А вот осенние сборы из имения в Штефанбург – другое дело.

Мы выезжали из ворот нашей усадьбы в октябре, во вторую пятницу после второго четверга – чтобы случайно не выехать в начале октября, а непременно в середине месяца. А в пятницу – чтобы поспеть в Штефанбург ко вторнику.

Папа любил начинать дела во вторник. Начинать в понедельник он считал пошлым.

– «С понедельника начну новую жизнь! – сказал лентяй в воскресенье утром, плюхаясь на диван с ногами и закуривая папироску», – так говорил папа в понедельник утром, сидя за чайным столом, тоже закуривая – но не папироску, а сигару – и раздумывая, что делать на грядущей неделе, которая на самом деле уже началась, но понедельник – не считается, я же говорю, это пошло, это по-мещански, это для булочников и галантерейщиков, которые вынуждены открывать свои заведения с утра понедельника, это для студентов, которые должны в восемь утра, грохоча сапогами и протирая заспанные глаза, рассаживаться в аудитории и дожидаться такого же заспанного профессора.

Вторник начинался с еженедельного визита на дедушкину могилу. Это был простой мраморный крест. Мы с папой и моей гувернанткой госпожой Антонеску стояли недолго молча, потом нагибались и делали вид, что поправляем цветы. Делали вид – то есть обрывали какой-нибудь пожелтевший листочек, расправляли стебельки, высвобождали цветок из листвы. Делали вид, потому что за цветами ухаживал садовник, он высаживал сначала гиацинты, потом менял их на анютины глазки, ноготки, бархатцы – и под конец, перед самым нашим отъездом, там появлялись астры. Делали вид, потому что так было положено – делать вид.

Рядом была могила бабушки, о которой я вообще ничего не знаю, кроме того, что она была и родила четверых детей – двух девочек и двух мальчиков. Трое умерли во младенчестве; их могилы были чуть подальше. Остался жить только мой папа. Дедушка раза два сказал – и я это слышала, – что папе сильно повезло со смертью старшего брата, ибо иначе самое большое, на что папа мог рассчитывать, – это стипендия на время обучения в университете. Возможно, какое-то скромное жилье в городе. Ну и хороший подарок на свадьбу и в честь рождения ребенка, то есть меня, и все. «И фунт дыма», – приговаривал дедушка, выпуская облако душистого дыма. Потому что в империи, дабы противодействовать распылению имений, но всячески содействовать сохранению земельной аристократии, был установлен принцип майората. Проще говоря, единственный наследник – старший сын, и точка.

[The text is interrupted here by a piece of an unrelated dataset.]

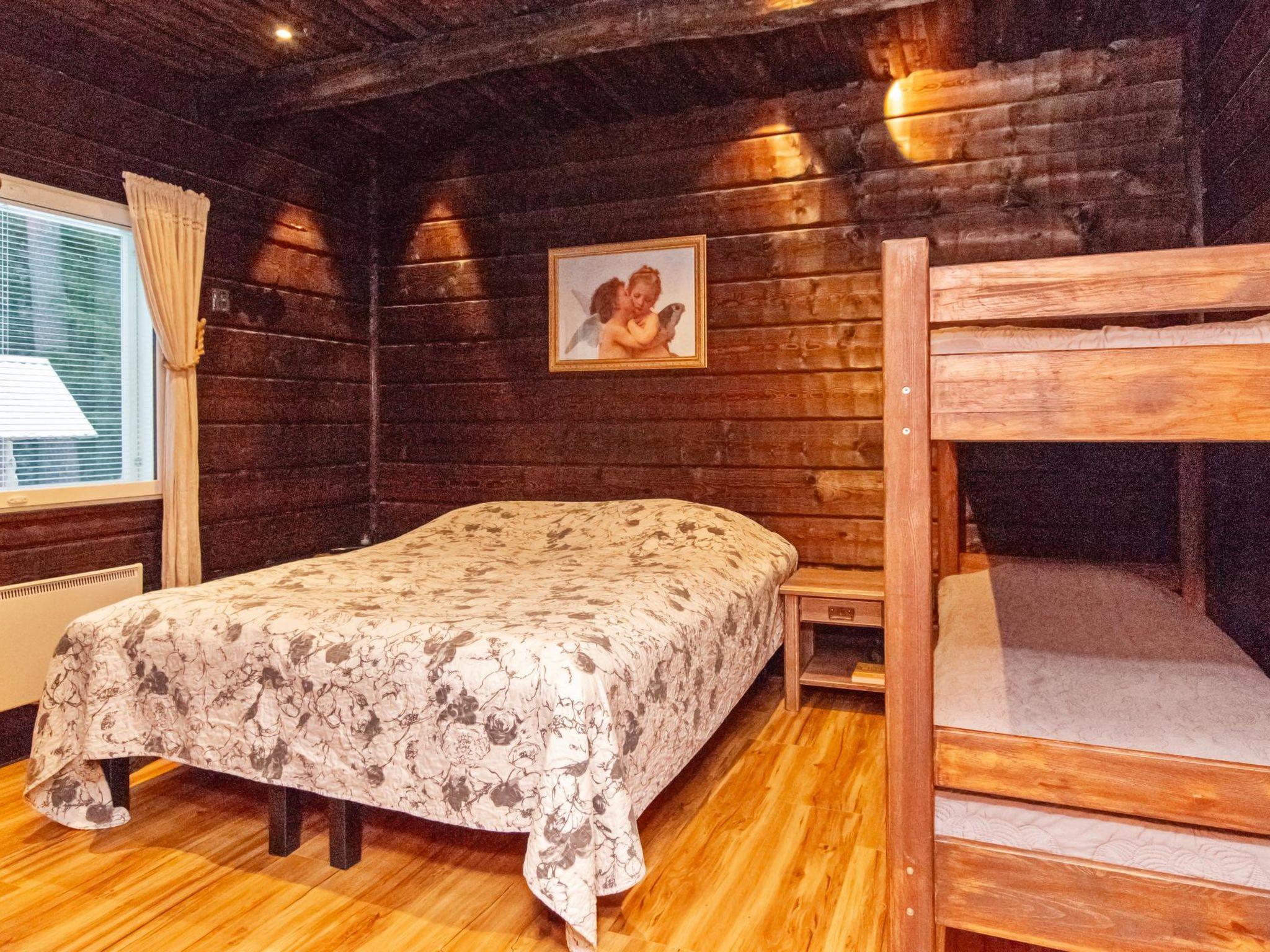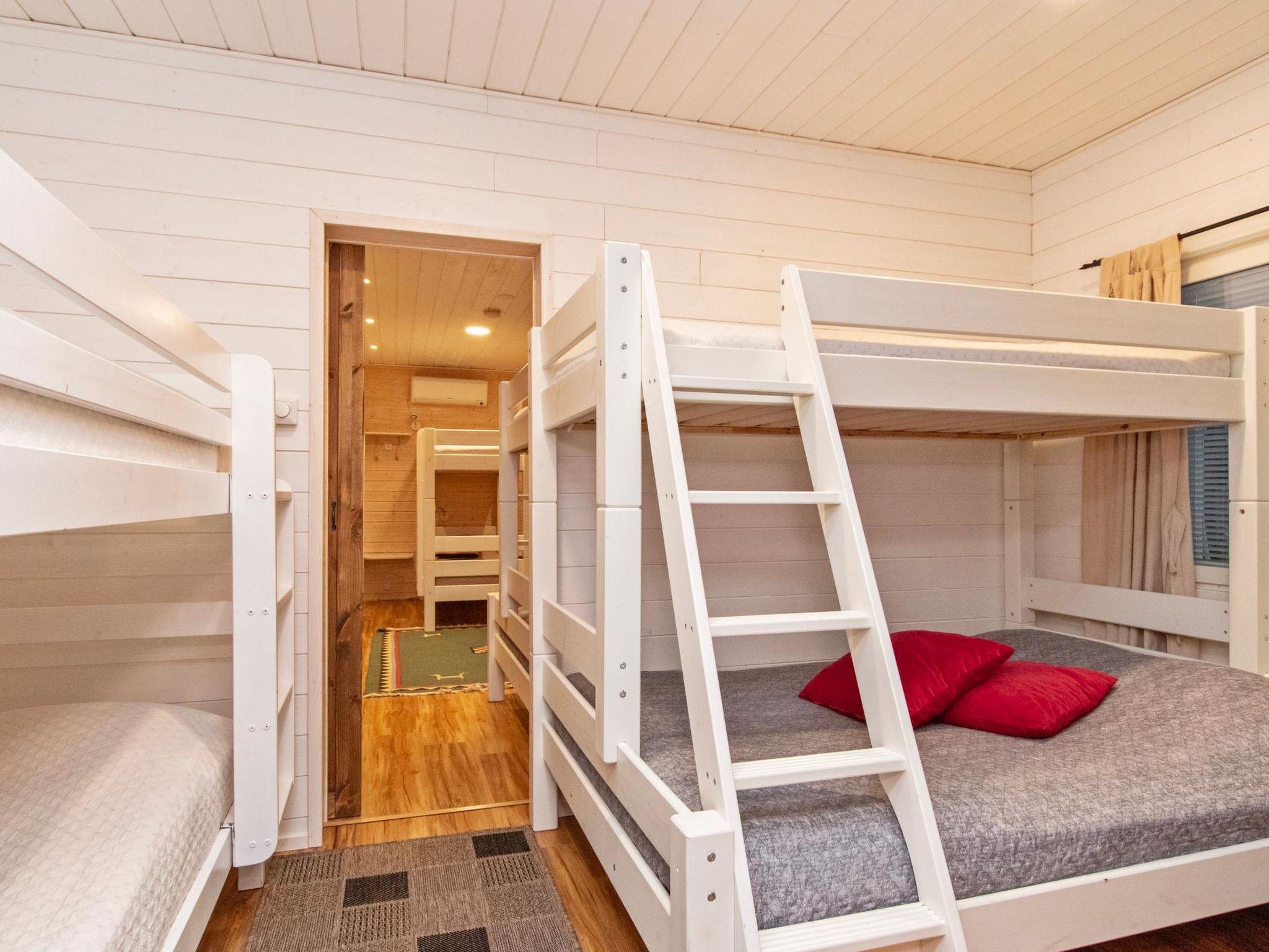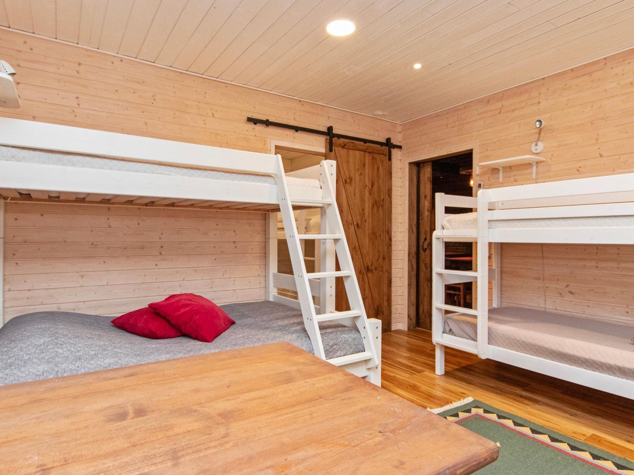 This spacious rental cabin has four bedrooms. The first bedroom includes two beds and a bunk bed for two, the second has five bunk beds accommodating 11 people, the third has two bunk beds for five people, and the fourth has two beds. The fireplace/TV room features one bunk bed for two and a corner sofa. The updated kitchen and large dining/living area can accommodate the entire group to eat together. There are 2 indoor WCs and 2 showers.

Ну или единственная дочь – как я.

Еще рядом была могила дедушкиного отца и его жены, то есть моих прадеда и прабабки, и еще, кажется, прапрадеда. Вот, собственно говоря, и вся наша фамильная усыпальница, не далее конца восемнадцатого века, ничего особенного, у всех соседей так или примерно так, а у некоторых даже в семнадцатый век залезало, я сама видела. Хотя папа выводил наш род от оруженосца германского императора Генриха Четвертого – но об этом немного погодя.

II

Приятно вспоминать, как в четверг, часа в три пополудни, к главному крыльцу подъезжала – причаливала, как корабль к пристани, – запряженная четверней главная карета. Дворецкий махал рукой кучеру, кучер махал рукой мальчишкам, которые бегали спереди и подтягивали коней, дергая их под уздцы и заставляя шагнуть ближе к ступеням. Потом кучер снова махал рукой дворецкому. Дворецкий кричал ему что-то еще – а я наблюдала за этим из окна верхней овальной гостиной, которая своим застекленным фонарем, то есть полукруглым выступом стены, выходила прямо на крыльцо. Дворецкий и кучер перекрикивались и перемахивались руками минут пять. И наконец дверцы кареты устанавливались точно напротив главного входа, так чтобы полукруглые ступени дали возможность открыть двойную распашную дверцу кареты и приладить специальное деревянное приспособление, положить его на нижнюю ступеньку, чтобы этот своего рода корабельный трап перекрыл собою просвет между крыльцом и порогом кареты.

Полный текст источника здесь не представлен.